Task statement » Would you please return the lines of the entries below starting at the line that has "Camomille des chiens" and ending at the line that has "Et terminons par", both included, exactly as they are?

Available data »
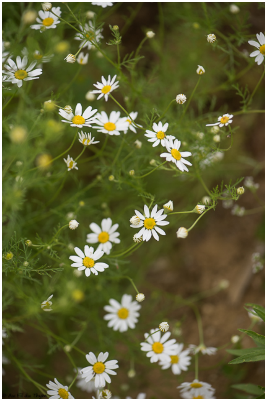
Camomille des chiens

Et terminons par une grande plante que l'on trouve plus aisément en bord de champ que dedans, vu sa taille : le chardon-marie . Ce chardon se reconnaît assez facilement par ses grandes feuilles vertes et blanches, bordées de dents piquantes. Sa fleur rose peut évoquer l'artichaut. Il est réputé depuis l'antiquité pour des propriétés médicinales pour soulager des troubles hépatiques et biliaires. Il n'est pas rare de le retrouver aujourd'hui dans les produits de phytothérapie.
--
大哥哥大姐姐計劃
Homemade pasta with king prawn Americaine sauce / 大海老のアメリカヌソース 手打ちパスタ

Answer »
Camomille des chiens

Et terminons par une grande plante que l'on trouve plus aisément en bord de champ que dedans, vu sa taille : le chardon-marie . Ce chardon se reconnaît assez facilement par ses grandes feuilles vertes et blanches, bordées de dents piquantes. Sa fleur rose peut évoquer l'artichaut. Il est réputé depuis l'antiquité pour des propriétés médicinales pour soulager des troubles hépatiques et biliaires. Il n'est pas rare de le retrouver aujourd'hui dans les produits de phytothérapie.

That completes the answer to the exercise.